Что делать дальше, что делать с ребенком, как вообще жить. «Седьмая неделя» — и ее мир оказался перевернутым, а планы — разрушенными. Теперь эти руины громоздились в ее голове, и рано или поздно Милане придется их упорядочить, потому что подчиняться обстоятельствам — не в ее правилах. Надо лишь принять решение и быть уверенной, что оно безошибочное, и тогда все остальное само уложится в систему установленных ею координат.
??????????????????????????Главное — решить. Решиться.
Но пока она определилась только с одним — ничего не говорить родителям. Она легко представляла, какой ответ получит от них, особенно с учетом того, что в ее жизни больше не предвидится Назара. Сейчас у нее в запасе немного времени, этой отсрочкой она и воспользуется. А потом… потом еще вопрос, будет ли вообще о чем говорить.
И словно подслушав ее мысли, телефон отразил на экране входящий звонок от мамы.
— Милана, солнышко, как ты? — проворковала Наталья Викторовна соскучившимся голосом. — Совсем где-то запропастилась.
— Жива, здорова, занята, — отрапортовала Милана, мечтая о том, чтобы и мама была занята для сокращения длительности разговора. — А у вас что?
— Да все как обычно, папа работает, а я в твое отсутствие не знаю, к чему себя применить. Ну и грустно без тебя нам обоим. Саша вчера вообще выдал, что без нашей щебетухи дома отвратительно тихо.
— Заведите собаку, — буркнула дочь, — станет отвратительно громко. И вам, и соседям.
— Эм-м-.м… ты чего? — удивилась мама.
— Да нет, ничего, — вздохнула Милана, — я просто за рулем… Ты что-то хотела? Или давай я тебе попозже перезвоню.
— Милана, где ты уже машину добыла? — раздался перепуганный вздох. — Папе не вздумай ляпнуть!
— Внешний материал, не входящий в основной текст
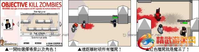 乐高殭尸游戏可以单人玩也可以双人玩,画面很有乐高的风味,玩起来不会觉得太血腥,游戏开始前要先选好你的角色接着再选择场景,然后开始进入游戏攻击迎面而来的殭尸,路上会有很多的红色小方块吃可以加分,等级提升就可以开启下一种武器,红色殭尸出现他就是魔王,打败他进入下个关卡。
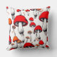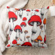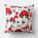WHIMSICAL RED FLOATING MUSHROOMS DIGITAL ART THROW PILLOW
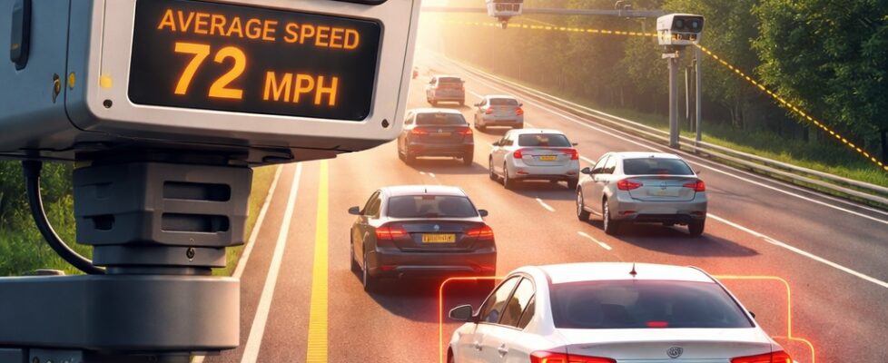 Este sistema se apoya en cámaras de control de velocidad separadas entre sí, normalmente entre un cuarto y media milla en las zonas de obra. Cada vez que un vehículo pasa por una de ellas, el sistema registra imagen, matrícula y marca temporal. Después calcula la velocidad media entre dos puntos dividiendo la distancia recorrida por el tiempo empleado. Si esa media supera el límite aplicable, llega una multa. No importa tanto lo que hiciste justo delante de la cámara como lo que hiciste durante todo el trayecto vigilado. Eso es lo verdaderamente disruptivo del modelo, y también lo que lo hace mucho más difícil de esquivar con hábitos oportunistas.
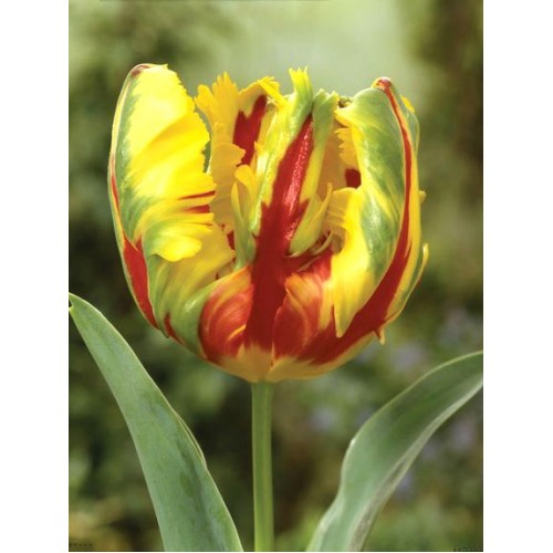 Попугайные тюльпаны имеют необычный и экзотический вид - их лепестки имеют глубоко изрезанные края, иногда волнистые, чем напоминают растрепанные птичьи перья. Широко раскрытый цветок может достигать в диаметре и до 20 см.. Окраска у попугайных тюльпанов встречается самая разнообразная: от белоснежной до пурпурно-черной. Продолжительность цветения до 2-3 недель.

— В прокате взяла, мама! Двадцать первый век на дворе!
— Ладно, ладно! Не нервничай, смотри на дорогу. Я просто хотела пригласить тебя в субботу у нас пообедать. Папа очень хочет повидать тебя, специально разгрузил себе этот день.
— Вот так просто повидать? — хмыкнула Милана.
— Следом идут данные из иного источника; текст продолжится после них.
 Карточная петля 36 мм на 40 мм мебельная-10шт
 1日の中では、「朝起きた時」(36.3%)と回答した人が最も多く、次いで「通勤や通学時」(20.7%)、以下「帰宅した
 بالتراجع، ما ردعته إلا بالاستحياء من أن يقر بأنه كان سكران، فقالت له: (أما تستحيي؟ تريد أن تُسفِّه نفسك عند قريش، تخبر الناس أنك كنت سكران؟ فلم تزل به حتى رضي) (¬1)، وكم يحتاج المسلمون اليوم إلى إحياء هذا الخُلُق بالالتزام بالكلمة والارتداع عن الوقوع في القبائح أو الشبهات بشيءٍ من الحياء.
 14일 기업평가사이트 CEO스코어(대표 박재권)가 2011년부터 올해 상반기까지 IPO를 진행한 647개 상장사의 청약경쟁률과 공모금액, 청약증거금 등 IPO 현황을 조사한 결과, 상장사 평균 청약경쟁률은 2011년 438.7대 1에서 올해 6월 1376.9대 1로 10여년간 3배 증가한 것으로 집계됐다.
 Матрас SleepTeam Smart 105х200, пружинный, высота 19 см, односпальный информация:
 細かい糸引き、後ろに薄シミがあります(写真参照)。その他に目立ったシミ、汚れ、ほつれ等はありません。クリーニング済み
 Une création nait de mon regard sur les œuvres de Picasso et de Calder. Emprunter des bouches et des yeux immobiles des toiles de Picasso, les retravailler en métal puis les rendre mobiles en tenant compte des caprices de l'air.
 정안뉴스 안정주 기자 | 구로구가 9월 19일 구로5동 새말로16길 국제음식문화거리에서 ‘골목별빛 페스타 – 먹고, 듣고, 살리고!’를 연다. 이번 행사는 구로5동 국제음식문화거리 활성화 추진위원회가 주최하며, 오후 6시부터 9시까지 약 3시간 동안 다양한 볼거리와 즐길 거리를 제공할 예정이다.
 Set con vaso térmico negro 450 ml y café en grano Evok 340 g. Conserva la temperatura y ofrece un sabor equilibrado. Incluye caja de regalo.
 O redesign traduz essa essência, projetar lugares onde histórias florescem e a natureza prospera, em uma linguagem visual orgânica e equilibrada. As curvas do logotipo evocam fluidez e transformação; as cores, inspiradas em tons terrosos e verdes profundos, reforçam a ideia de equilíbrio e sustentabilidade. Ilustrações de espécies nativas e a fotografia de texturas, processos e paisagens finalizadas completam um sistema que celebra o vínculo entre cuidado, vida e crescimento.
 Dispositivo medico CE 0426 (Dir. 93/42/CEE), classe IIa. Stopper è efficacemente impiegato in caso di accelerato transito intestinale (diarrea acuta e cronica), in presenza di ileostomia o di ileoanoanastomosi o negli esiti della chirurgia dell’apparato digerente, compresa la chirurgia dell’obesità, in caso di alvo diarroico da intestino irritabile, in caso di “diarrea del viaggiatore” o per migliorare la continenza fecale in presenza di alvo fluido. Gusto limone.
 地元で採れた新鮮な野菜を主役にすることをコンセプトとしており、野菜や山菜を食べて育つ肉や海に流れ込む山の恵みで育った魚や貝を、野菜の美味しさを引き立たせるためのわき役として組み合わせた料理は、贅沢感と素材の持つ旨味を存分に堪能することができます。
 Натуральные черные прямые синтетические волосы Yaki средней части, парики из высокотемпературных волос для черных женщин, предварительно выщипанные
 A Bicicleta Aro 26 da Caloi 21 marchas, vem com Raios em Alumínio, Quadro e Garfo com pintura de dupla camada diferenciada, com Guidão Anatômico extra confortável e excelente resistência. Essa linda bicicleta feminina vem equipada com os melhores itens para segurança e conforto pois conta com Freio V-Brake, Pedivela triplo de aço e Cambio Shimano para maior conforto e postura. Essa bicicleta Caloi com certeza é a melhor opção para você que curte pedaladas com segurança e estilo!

— Ты считаешь, что это плохая идея? Мы тебя, считай, месяц не видели.
— А когда я вас к себе звала, то папа был ужасно занят.
— Папа и правда ужасно занят, он и сейчас с трудом. Но раньше хоть по вечерам тебя видел, а сейчас совсем не получается. У тебя дел много, да? — захныкала Наталья Викторовна.
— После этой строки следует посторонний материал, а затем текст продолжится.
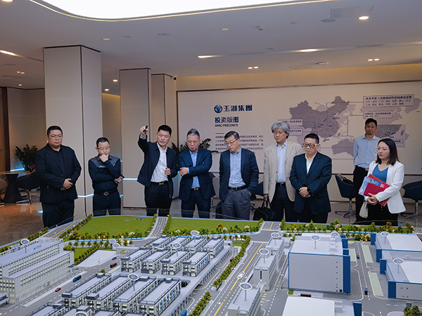 譚海城一行首先參觀了沙盤展示區,陳澤濤進行現場講解,介紹了項目基本情況,並就未來合作事宜進行了展望。
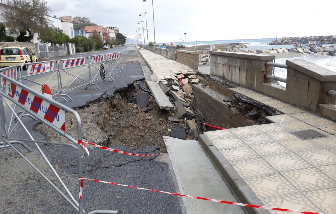 “Profonda e con un diametro che supera i 3 metri. E’ l’ennesima voragine che si è aperta sul lungomare di San Lucido (Cosenza) in conseguenza delle violente mareggiate abbattutesi negli ultimi giorni sulla costa con inaudita violenza.”
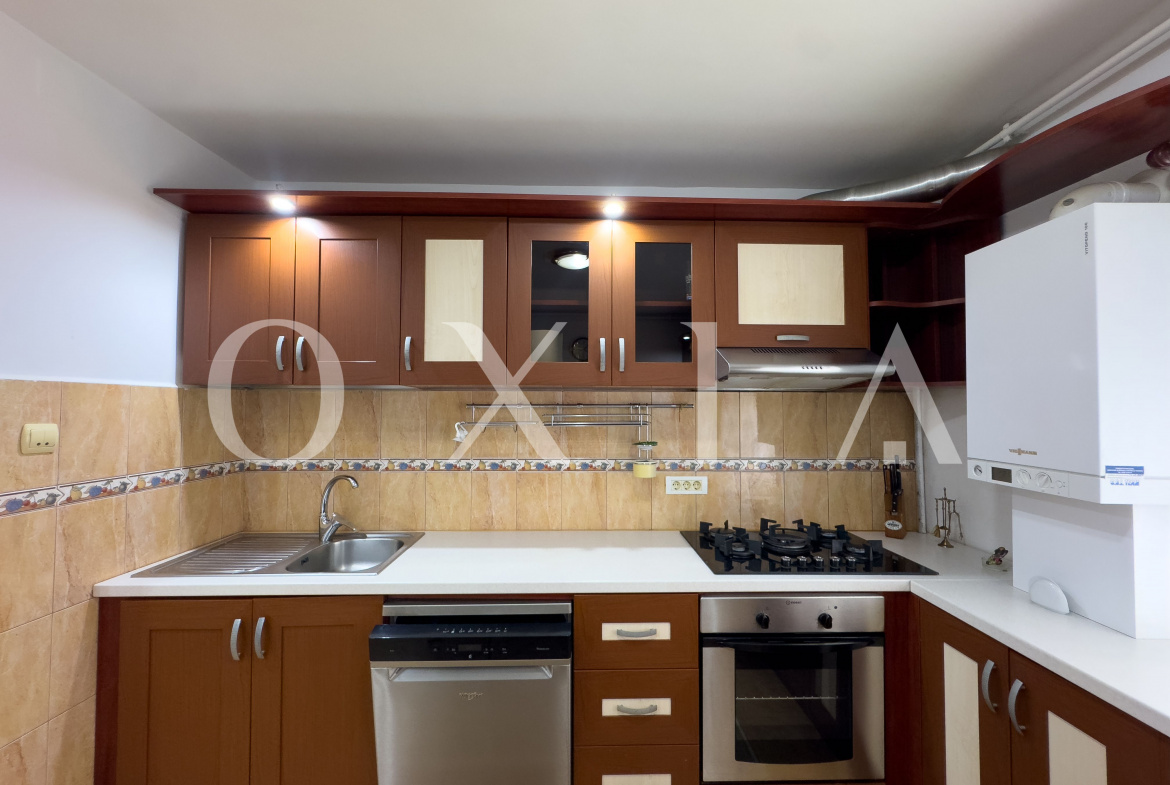 Se inchiriaza complet mobilat si utilat: combina frigorifica, masina de spalat vase, plita pe gaz, cuptor electric, hota, masina de spalat rufe, aspirator, fier de calcat, vesela si alte electrocasnice necesare.
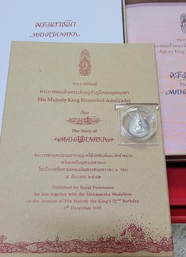 เหรียญพระมหาชนก เนื้อเงิน พิมพ์เล็ก ปี 2542 พร้อมหนังสือกล่องนอก,ในครบ สภาพสวยใหม่
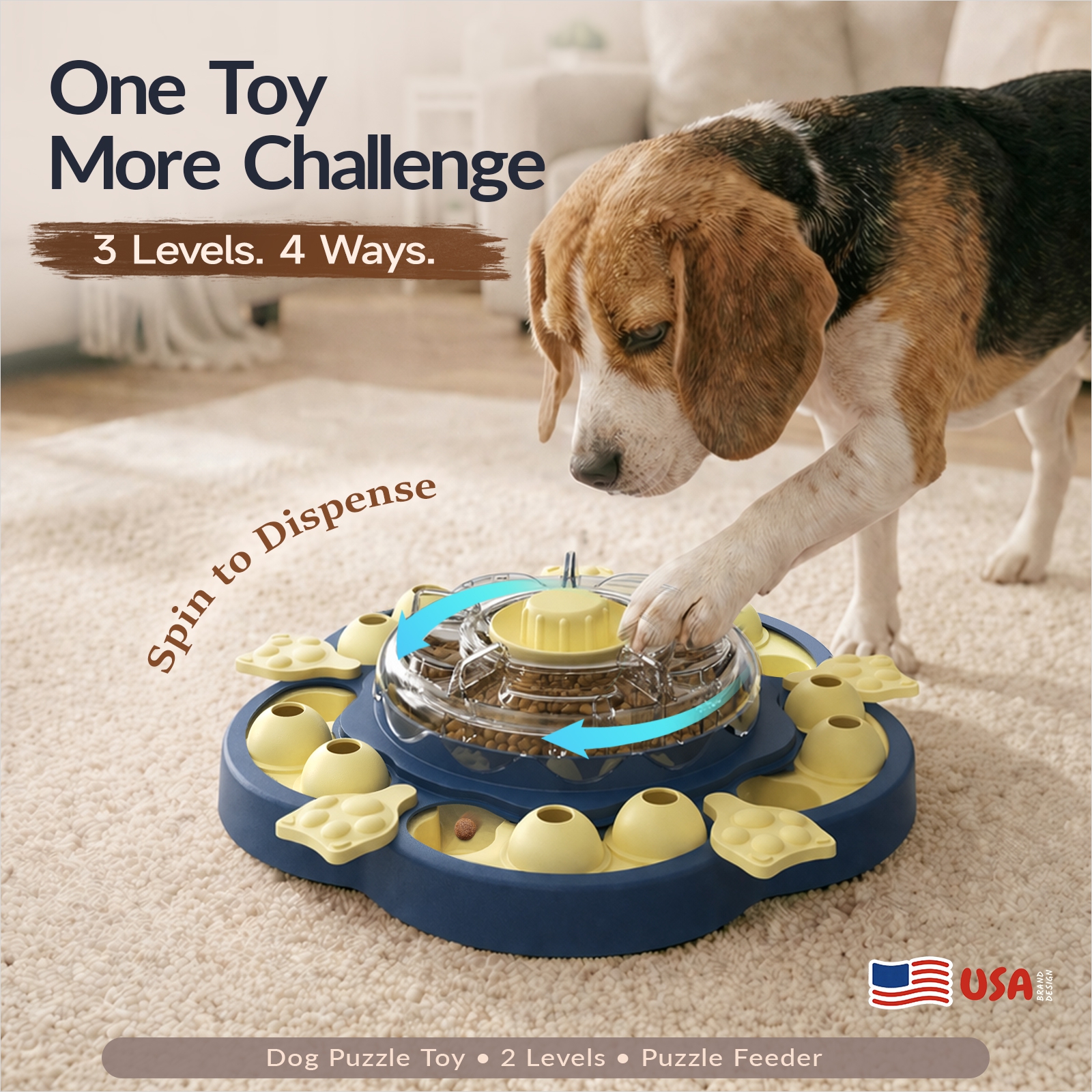 A: From KADTC, an American brand with a U.S. patented design, this is a vertical dog puzzle toy + slow feeder that combines 3 difficulty levels and 4 ways to play in one system. Dogs spin the center to drop rewards, then slide and solve for kibble or treats.

Милана снова вздохнула. После ее возвращения в сентябре домой отношения с родителями стали странными. Внешне все выглядело благополучно. Отец, как и раньше, максимально потакал ее прихотям, которых, впрочем, стало значительно меньше. Съехав от них, Милана училась обходиться без родителей. Потому и хваталась за любой контракт, который приносил доход и укладывал еще один кирпичик в дорожку ее карьеры. Но она все чаще замечала, что отец будто наблюдает за ней, как за подопытным кроликом. А ощущать себя кроликом — было неприятно.